I lived with my husband for years before we got married. Taking his name was about the only thing that changed. I had no connection to my father so losing my maiden name was no big deal.
 
I lived with my husband for years before we got married. Taking his name was about the only thing that changed. I had no connection to my father so losing my maiden name was no big deal.

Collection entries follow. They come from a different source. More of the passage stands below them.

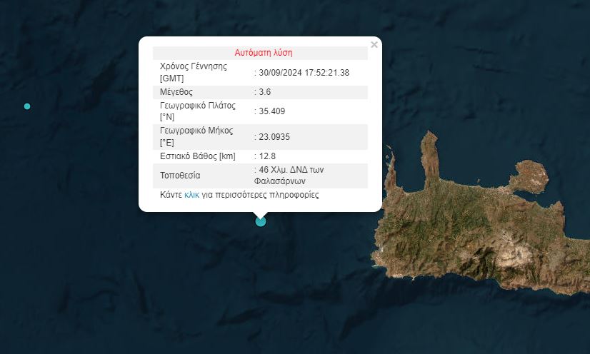 Σεισμός 3,6 βαθμών της κλίμακας Ρίχτερ σημειώθηκε το απόγευμα της Δευτέρας (29/09), ανοιχτά της Κρήτης.
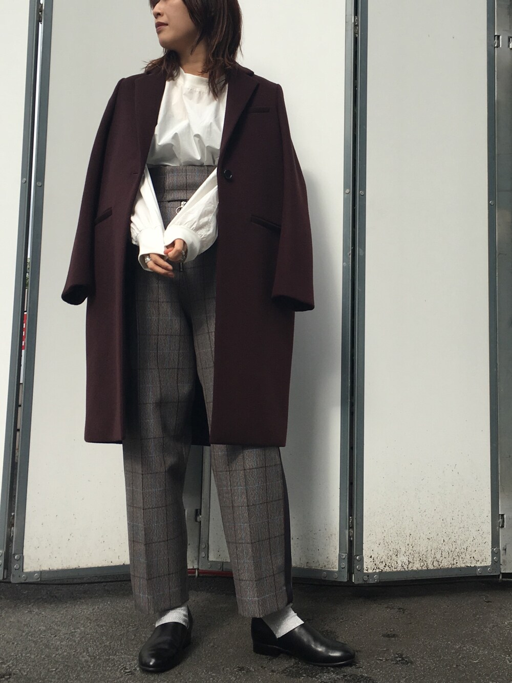 momocoのチェスターコート「Super140'sチェスターコート」を使ったコーディネート
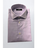 Elevate your wardrobe with a touch of Italian sophistication with this Baldinini Trend shirt. Crafted to perfection with a slim fit cut, this piece features a sharp French collar and precise front button closure. The cuffs are delicately secured with buttons, offering a refined detail. Tailored from premium cotton for ultimate comfort and in a striking purple hue, it’s a bold statement for trendsetters looking to make an impact.
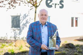 Stolz hält Detlef R. Elling, Geschäftsführer der e-r-s GmbH, den Pokal des Wirtschaftspreises Altmark 2023 in der Kategorie "Handwerk".
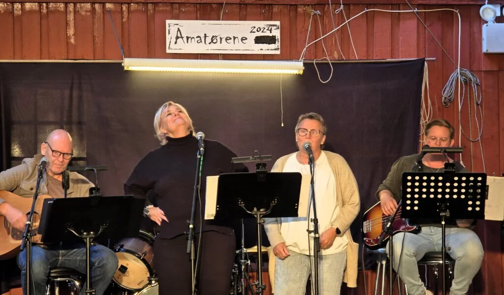 Amatørene opna for ny sesong i går kveld. Duken var oppe på grunn av det noko klamme og usikre veret, og nokre regndråpar plaga ikkje den godt fylte Bakgården. Som alltid serverte Amatørene viser, country og allsong, med nytt repertoar, frå det humørfylte til det vare. Olemann som var lei av sussinga kom utanfor den oppsette lista. Å i sava høyrer til det humoristiske, om ein fuktig båttur, framført med godt trøkk. Fuktige båtturar kan ende med drukning, men her drukna teksten.
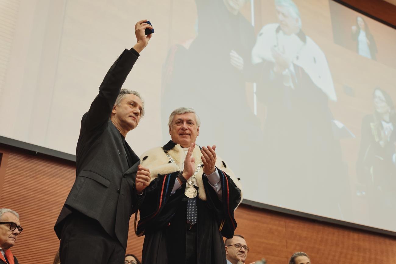 Momento particolarmente significativo della cerimonia è stata la lectio magistralis di Felice Limosani, artista multidisciplinare di origini foggiane, protagonista della Lectio magistralis dal titolo “Immersive Humanities. Un paradigma visionario per la cultura dell’esperienza”. "Ricevere il Sigillo dell’Università mi onora nel mio percorso di ricerca e mi emoziona come foggiano. Mi auguro che questa lectio possa essere un invito, per le studentesse e gli studenti, a costruire un futuro tecnologico capace di custodire il valore dell’umano".

I lived with my husband for a couple years before we got married, too. The only thing that changed for us was getting that piece of paper that officially recognized our relationship. :D I think that's kinda how it should be, you know?
 
Do you do this for your wife, too? Because, wow! I bet that never gets annoying or anything. :D

Hmmmm, now that I think about it...

...maybe that would have something to do with her thighs eternally closed like a vise.

Any advice, Abby?
 
That's impressive.

The downside was that many of them were in religious orders. They had to be to get the education.

One of them, a Church of England Vicar, wrote a dreadful book which had a significant impact on emigration to Newfoundland, even though he never visited it and apparently never knew anyone who had.

If his sermons were anything like his writing, I assume his parishioners went to sleep.